As we age, our oral health can be affected by a number of factors. Here are some ways aging can affect oral health:
Tooth loss: As we age, the risk of tooth loss increases due to a combination of factors such as wear and tear, tooth decay, and gum disease.
Dry mouth: As we age, the production of saliva decreases, which can lead to dry mouth. This can increase the risk of tooth decay and make it more difficult to swallow.
Root decay: As we age, the roots of our teeth can become exposed, which can make them more vulnerable to decay and infection.

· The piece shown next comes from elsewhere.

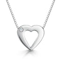 This Delicate 9-Carat White Gold Open Heart Pendant, Adorned With A Single Elegant Diamond, Is Presented On A 16-Inch White Gold Box Chain. Dimensions Of 8x8mm Complete The Design.
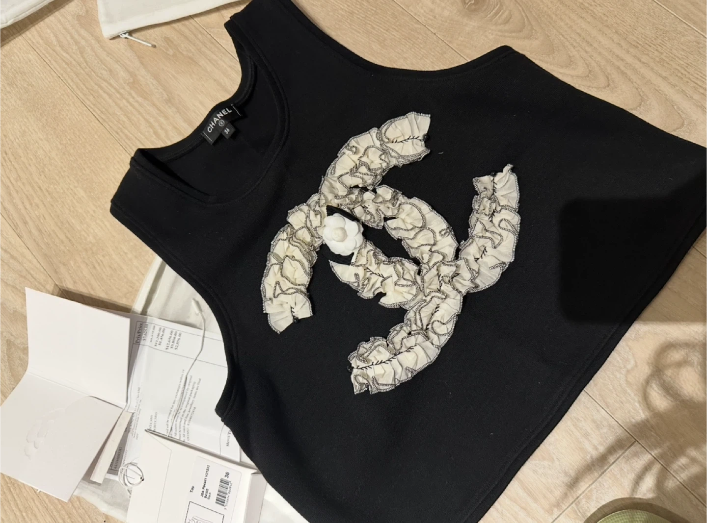 33Selling a beautiful Chanel 22 black leather bag Large size, white logo is limited. Price; 7500 The Chanel crop top is a size 36. Jennie’s wearing this top, Comes with the original box and all the papers. Price; 3200 I bought 98 Yorkville

Gum disease: The risk of gum disease increases as we age, as the gums can recede, making the teeth more susceptible to infection.
Oral cancer: The risk of oral cancer increases as we age, especially for those who smoke or use tobacco products.
Changes in the jaw bone: Jaw bone density can decrease with age, which can make it more difficult to wear dentures and can also affect the overall shape of the face.
Medications: As we age, we may take more medications, some of which can have negative effects on oral health.
It’s important for older adults to maintain good oral hygiene, including brushing twice a day, flossing once a day, and visiting the dentist regularly. It’s also important for older adults to inform their dentist of any medications they are taking, as well as any changes in their overall health. Regular dental check-ups can help to detect and treat any oral health problems that may arise as we age.